А однажды днем папа поручил мне смотреть за курами. Куры клевали траву, рыли червей и больше ничего не делали, сторожить их было невыносимо скучно. Так что я читала книжку и играла с муравьями, а на кур почти не смотрела. Когда вечером папа загонял куриное стадо в их загородку возле сарая, обнаружилось, что одна курица пропала. Причем не обычная рядовая курица, а какая-то важная пеструшка редкой яйценосной породы. Папа исследовал забор рядом с пастбищем и нашел в нем небольшую дырку. Тут же им были восстановлены обстоятельства происшествия: пока я, вместо того чтобы следить за курами, как он мне наказал, занималась неизвестно чем, ценная пеструшка, удачно купленная им в Дондуковке для развода, пролезла в дыру между досками и ушла пастись на кладбище. Папа ужасно разозлился. Принялся на меня кричать, а потом велел идти на кладбище и, пока не найду курицу, не возвращаться. Прямо как злая мачеха в сказках.

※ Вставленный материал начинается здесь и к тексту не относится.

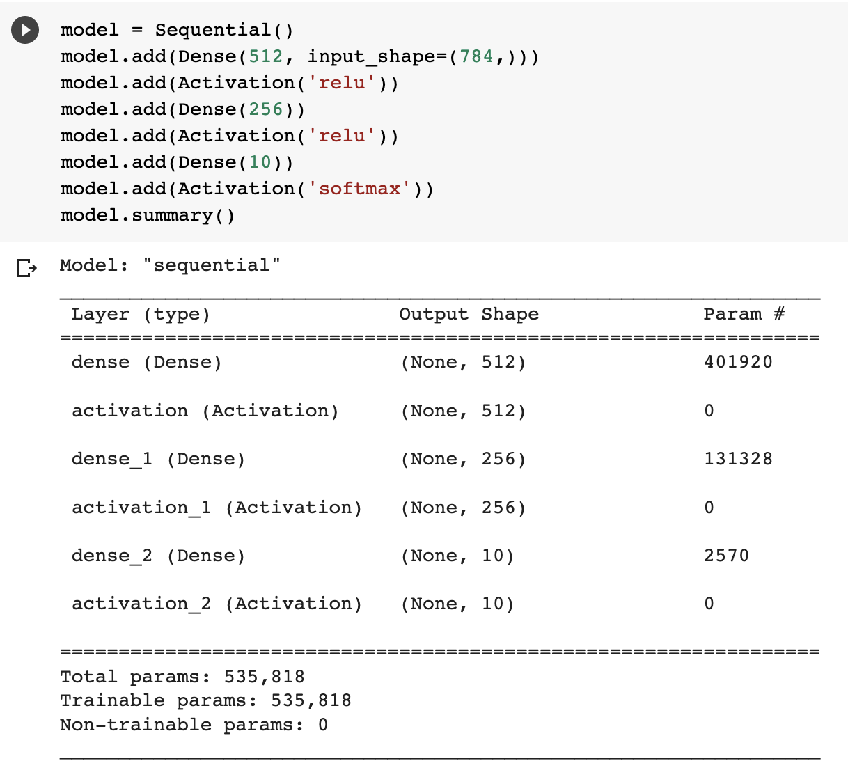 2. 첫 번째 레이어는 512개의 노드로 이루어져 있으며 총 401,920(784*512+512)개의 파라미터로 이루어져 있음

И я поплелась на кладбище. Солнце только начинало садиться. Со всего города слетались вороны и, кружа над деревьями, истошно каркали, словно кричали о чем-то вопиющем, свидетелями чего им пришлось стать. Я ходила между надгробными памятниками, от страха и обиды меня всю трясло. Сейчас время привидений еще не пришло. А все наркоманы и бомжи мира слились для меня в один-единственный образ. Мне казалось, что по кладбищу рыщет уродливый карлик в замызганном коричневом плаще и почему-то с топором. На голове у него глубокий капюшон, а слишком длинные полы плаща, который ему не по размеру, да и не по сезону, тащатся по траве, приминая нежные головы барвинков. Барвинков на кладбище было полно. Может быть, я найду курицу раньше, чем наткнусь на карлика. Но скорее всего курица уже погибла, и найти ее невозможно. Так что, даже если я не встречу карлика, скоро стемнеет, из могил полезут голубые светящиеся призраки и тогда мне крышка.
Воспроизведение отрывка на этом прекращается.